TASK STATEMENT: Begin at the line containing "1) ตั้งกระทะใส่น้ำมัน เปิดไฟอ่อนๆ" in the data below and go on through the line containing "RHP Erasmo Ramirez).", repeating each line exactly; include both ends and no other line.

EXTRACTED ENTRIES:

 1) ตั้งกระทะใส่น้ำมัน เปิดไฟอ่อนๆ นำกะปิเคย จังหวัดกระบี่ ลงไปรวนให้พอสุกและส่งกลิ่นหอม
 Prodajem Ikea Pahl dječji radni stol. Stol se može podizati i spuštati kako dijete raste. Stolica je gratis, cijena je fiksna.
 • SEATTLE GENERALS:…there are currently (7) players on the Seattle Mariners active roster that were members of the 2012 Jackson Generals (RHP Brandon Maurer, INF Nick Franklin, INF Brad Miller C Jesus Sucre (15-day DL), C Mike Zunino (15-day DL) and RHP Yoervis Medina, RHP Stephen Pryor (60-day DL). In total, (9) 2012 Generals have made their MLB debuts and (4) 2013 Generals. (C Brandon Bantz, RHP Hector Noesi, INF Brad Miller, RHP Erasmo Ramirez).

---

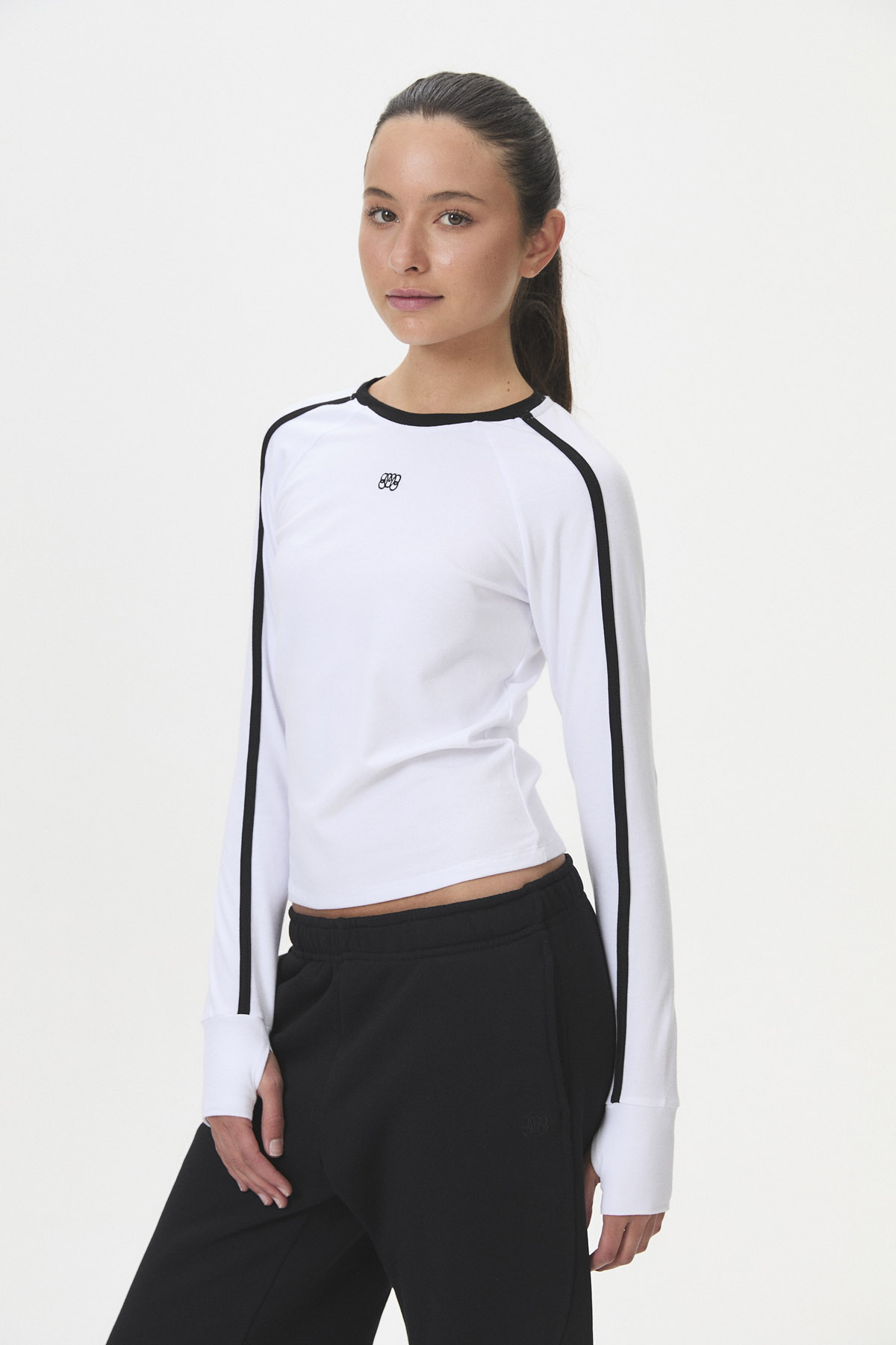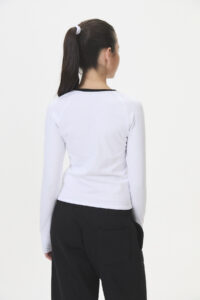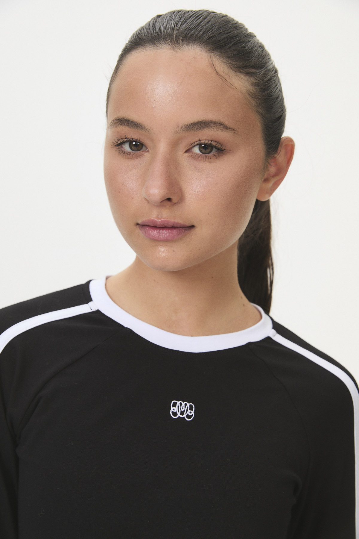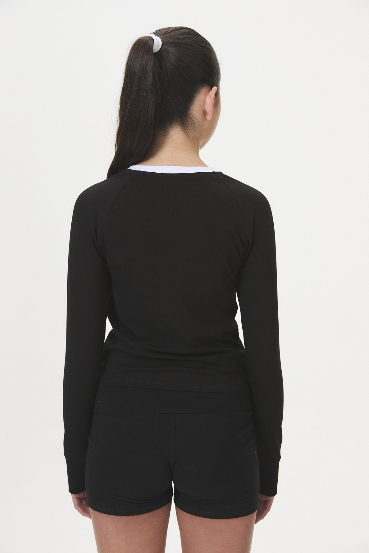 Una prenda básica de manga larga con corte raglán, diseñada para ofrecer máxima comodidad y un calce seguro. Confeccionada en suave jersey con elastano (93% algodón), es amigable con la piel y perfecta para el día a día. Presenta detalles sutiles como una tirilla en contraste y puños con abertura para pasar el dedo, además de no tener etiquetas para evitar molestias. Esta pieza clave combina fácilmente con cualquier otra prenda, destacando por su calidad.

==

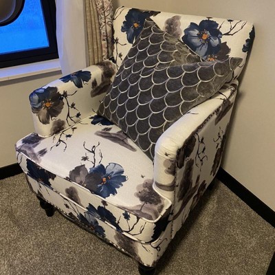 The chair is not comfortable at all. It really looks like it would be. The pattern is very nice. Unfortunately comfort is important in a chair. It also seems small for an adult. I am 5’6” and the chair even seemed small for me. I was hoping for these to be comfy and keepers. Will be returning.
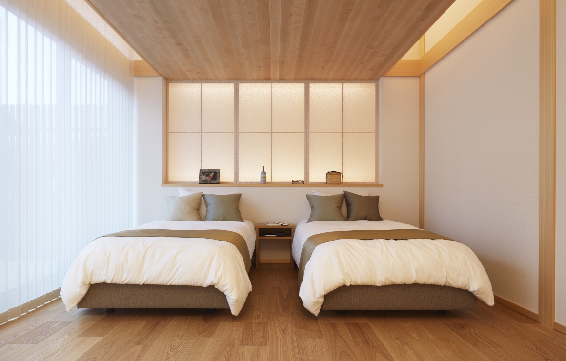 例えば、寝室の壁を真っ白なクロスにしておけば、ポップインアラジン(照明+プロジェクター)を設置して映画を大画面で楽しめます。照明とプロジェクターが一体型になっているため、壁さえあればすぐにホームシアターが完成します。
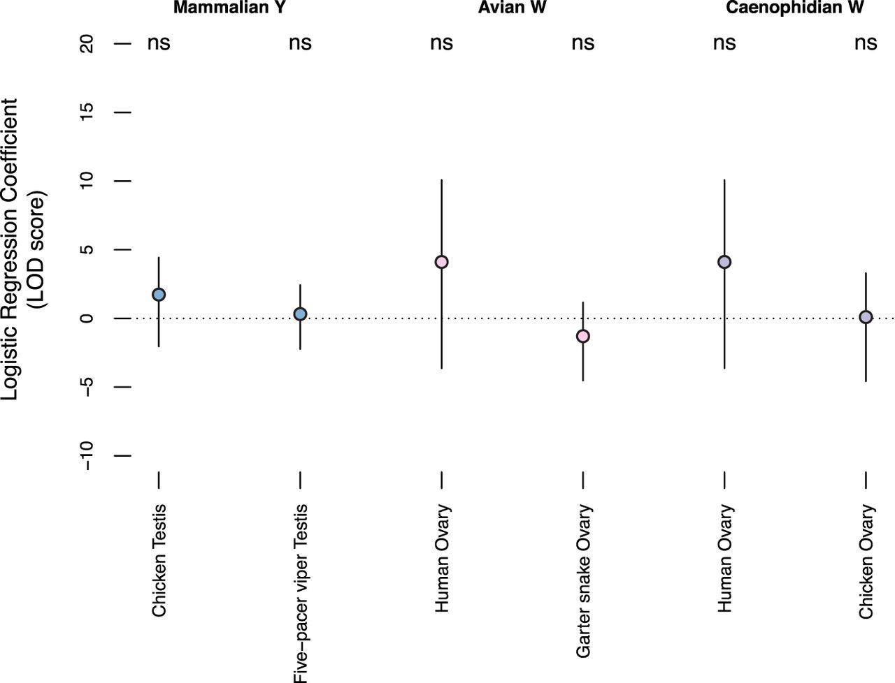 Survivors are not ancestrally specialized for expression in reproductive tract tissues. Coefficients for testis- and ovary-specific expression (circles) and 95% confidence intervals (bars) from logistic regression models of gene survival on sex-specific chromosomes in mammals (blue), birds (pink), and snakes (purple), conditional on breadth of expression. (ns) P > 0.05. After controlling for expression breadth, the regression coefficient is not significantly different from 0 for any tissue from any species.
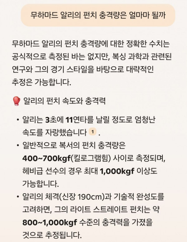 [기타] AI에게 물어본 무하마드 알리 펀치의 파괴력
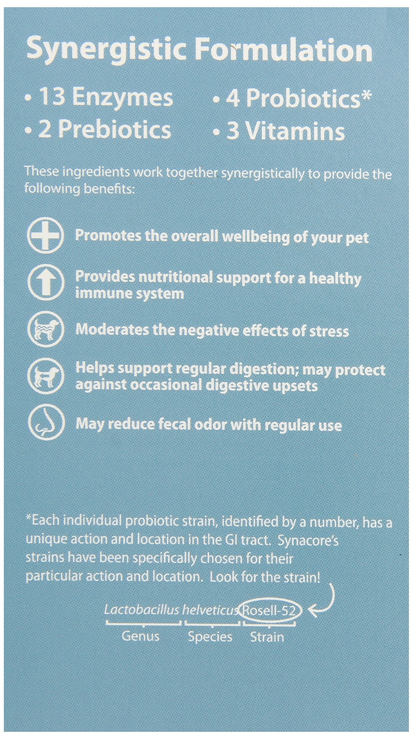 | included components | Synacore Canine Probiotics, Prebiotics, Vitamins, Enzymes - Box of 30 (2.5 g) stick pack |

SOLUTION FOR THIS TASK:
 1) ตั้งกระทะใส่น้ำมัน เปิดไฟอ่อนๆ นำกะปิเคย จังหวัดกระบี่ ลงไปรวนให้พอสุกและส่งกลิ่นหอม
 Prodajem Ikea Pahl dječji radni stol. Stol se može podizati i spuštati kako dijete raste. Stolica je gratis, cijena je fiksna.
 • SEATTLE GENERALS:…there are currently (7) players on the Seattle Mariners active roster that were members of the 2012 Jackson Generals (RHP Brandon Maurer, INF Nick Franklin, INF Brad Miller C Jesus Sucre (15-day DL), C Mike Zunino (15-day DL) and RHP Yoervis Medina, RHP Stephen Pryor (60-day DL). In total, (9) 2012 Generals have made their MLB debuts and (4) 2013 Generals. (C Brandon Bantz, RHP Hector Noesi, INF Brad Miller, RHP Erasmo Ramirez).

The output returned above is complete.